Reading generally uses the memory in-place. It is almost a pure operation, except that the read operation prolongs the lifetime of the reference, hence for GC purposes the read operation must have a definite timestamp.

Variable

x = variable [0,0]
x := [1,2]
read x # [1,2]

# if the value is a list
x[1] := 3
x[1] # 3

A variable is a thread-local reference that can store arbitrary packable values. Thread local means that reading/writing from a different thread than the owning thread returns an error. You can get/set the owner with getOwner/setOwner. Initially the thread that allocates the variable owns it.

Reading elides the copy if the reference is dead after the read, otherwise copies.

Stroscot does not allow uninitialized variables, but the semantics of a variable whose value is an exception are a bit like uninitialized variables in other languages. We can make this even stronger by having a special Uninitialized exception. Usage:

x = variable Uninitialized
1 + read x # exception: x is Uninitialized
x := 2
1 + read x # 2
x := Uninitialized
1 + read x # exception again

x = variable Uninitialized is a bit longer than a simple var x, but clearer, and if you want it shorter you can define macros so that var x and vars [x,y,z] are valid syntax.

Shared memory

x = mem [1,2]

A reference to shared memory is a fixed-size array of contiguous bits.
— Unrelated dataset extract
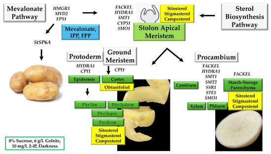 The MVA-related pathway is activated under darkness, providing MVA and IPP to balance the major plant PS (sitosterol, stigmasterol, and campesterol). PS biosynthetic gene modulations of FACKEL, SI1/HYD1, SMT1, CYP51, and SMO1 orchestrate and promote the establishment of the architecture of the apical meristem in the first developmental stages of tuber differentiation and in the vascular tissue’s development. SI1/HYDRA1 and CPI1 positively regulate the protoderm and the development, positively influencing the microtuberization enhancement process of potato.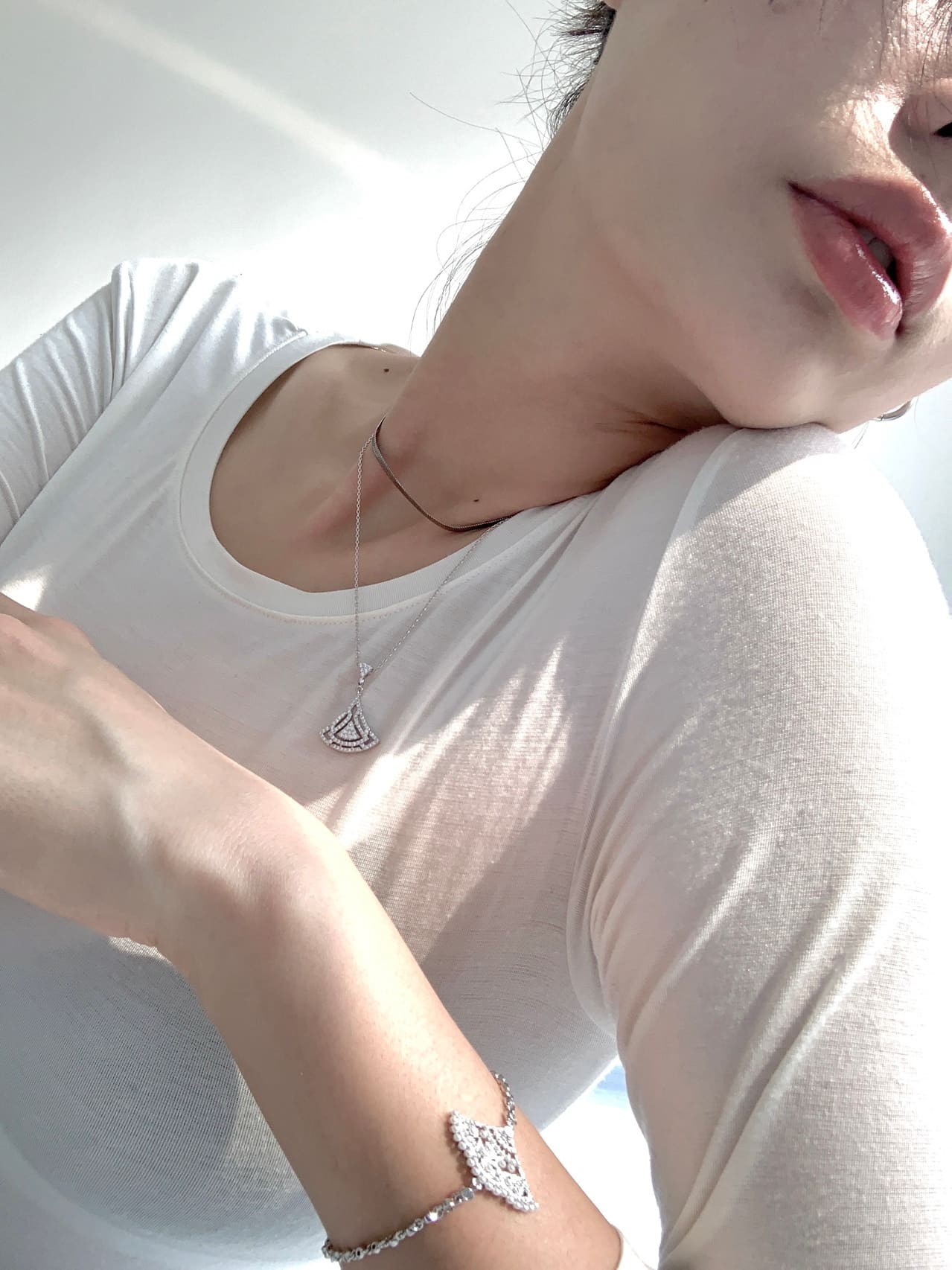 郑爽以手轻托下颚,眼神清澈直视镜头,展现自信从容的优雅姿态

The size is restricted to a multiple of bytes or words depending on the ISA. The operations are defined by the CPU; you can use fences, atomics, whatever is in the ISA.

Reading always copies (into a register, usually).

x[1] := 3
x[1] # 3 or the value from some other thread

Each word is its own reference; this uses the word sized load-store operations of the ISA.

Thread-local storage

x = tls 0

See https://docs.microsoft.com/en-us/windows/win32/procthread/using-thread-local-storage

Essentially it’s a shared memory variable that stores Map ThreadId Word, and each thread only sees/writes its own id. So in that sense it behaves similarly to a variable, but OTOH all threads can use it.

Secret

A secret a la Rune represents information stored in a “secure enclave”. This could be implemented via an actual “trusted execution” environment provided by the hardware, but that requires some OS involvement, so instead secrets are just normal memory that is handled carefully to protect it from some attacks. In particular:

  • To prevent data leakage, the memory used for secrets is zeroed when freed.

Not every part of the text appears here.